Postby Kakita_Harun » Wed Aug 16, 2017 7:31 am

Thanks very much to Rhiannon for helping me with the Noh play and Jeanne for her fact checking. I did a lot of research about Noh and I watched a play or two and I have gained an appreciation for it now.


The night was cool but not cold, no snow had fallen that day so it was not much to clear the courtyard so people could sit around the stage. There was food and drink available, a little more traditional since it was the Scorpion hosting. A gong then sounded and everyone then began to take seats on the cushions around the stage.
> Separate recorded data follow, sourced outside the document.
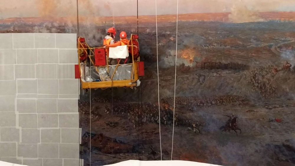 "Сердце" панорамы авторства Рубо На втором этаже здания специалисты консервируют его главное достояние – масштабное живописное полотно Франца Рубо, размером 115 х14 метров. А также закрывают предметный план.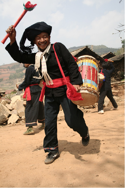 現(xiàn)今的蜂桶鼓直徑一般25—30厘米,高70—80厘米,以攀枝花樹或柳樹挖空樹心,兩端蒙上牛皮制成,形似蜂桶。鼓棒直徑3—4厘米,長(zhǎng)40—50厘米,兩端系有彩色布條。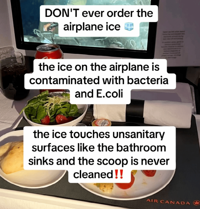 不久前,一名23岁的加拿大空乘Aislinn Swain也发布了一则视频,提醒大家注意飞机上的冰块极其肮脏。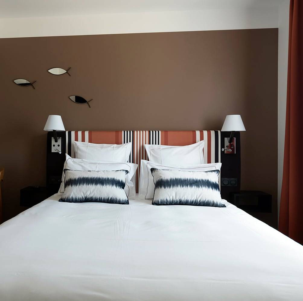 Jolie Chambre équipée de literie en 160, salle de bains avec douche à l’italienne, superficie allant de 14 à 15m². Possibilité de chambres communicantes sur demande.

Harun took a seat in front of the stage with the official guests, next to him was Kouta and a few places down he could see Isanko sitting with Sorei and Janisha. Haihime was nowhere to be seen, but this seemed only a small surprise to Harun. He had heard a little about the play that the Scorpion were to put on. Sozoku, it was called, a mungen or ghost play. And it’s subject, the death of Kanpeki. So Harun hardly blamed her if she wanted to avoid people’s stares.
A hush fell over the crowd as the chorus, musicians and stage hands took up their places on the stage. The flutist and drummer began to play, and the chorus joined in with low moans and shouts. Then at the end of the bridge that connected to the back of the stage, the striped curtain was raised and the play began.
Emerging slowly and deliberately onto the bridge was a female figure. Her mask was of white and plain apart from her red lips, she had long black hair that cascade down her back and in front of her shoulders. Her clothing was in the exaggerated, oversized style of noh, a red furisode with a black obi and haori jacket. In one hand, emerging from the overly large sleeve she held a folded fan.
She was the waki, Harun knew, the traveller who would set the world of the play for the audience.
Harun had seen a fair few noh plays in his time at the Kakita Academy. He had even acted as a stagehand in one production the artisan students were putting on. And he knew well the decorum expected by an audience. That decorum was shattered by the wild applause and cheering of the Unicorn.
Kouta turned to Harun, scandalised. “Even when they like something civilised, they can’t even like it in a civilised way.”
Harun laughed quietly to himself, his smile hidden in his beard. He had been shocked by the outburst, but at least he had had prior warning.
The noise died down and the waki proceeded slowly across the bridge to the centre of the stage. There she stood stiffly and began to sing in the elongated and stilted way of noh.
“I am Kaiko, a daughter of Bayushi,” she sang, holding her fan out from her body so that her long sleeve draped down rom her side and almost touched the floor. “I come to this shrine, far from my homeland to honour my ancestors.”
She sang about her and the Scorpion Clan’s exile in the “land of sand and jewels” which was far from Rokugan and where the “voices of the kami were faint”. She sang of the journey of the Scorpion across the Burning Sands, driven into exile like their ancestors had been. And she sang of her father, Bayushi Nitoshi the Poison Mask, and of the Scorpion left behind.
“Forced they were, to take up the taint of Jigoku,” she sang. “Slaves to madness, slaves to corruption. Such sacrifice, they waited until the time to emerge and act.”
She then opened her fan and began to dance, slowly, stiffly. The drumbeats steady and slow as Kaiko moved. She opened her fan and extended it out from her, turning it in her hands as she turned. Then, at a loud drumbeat she froze.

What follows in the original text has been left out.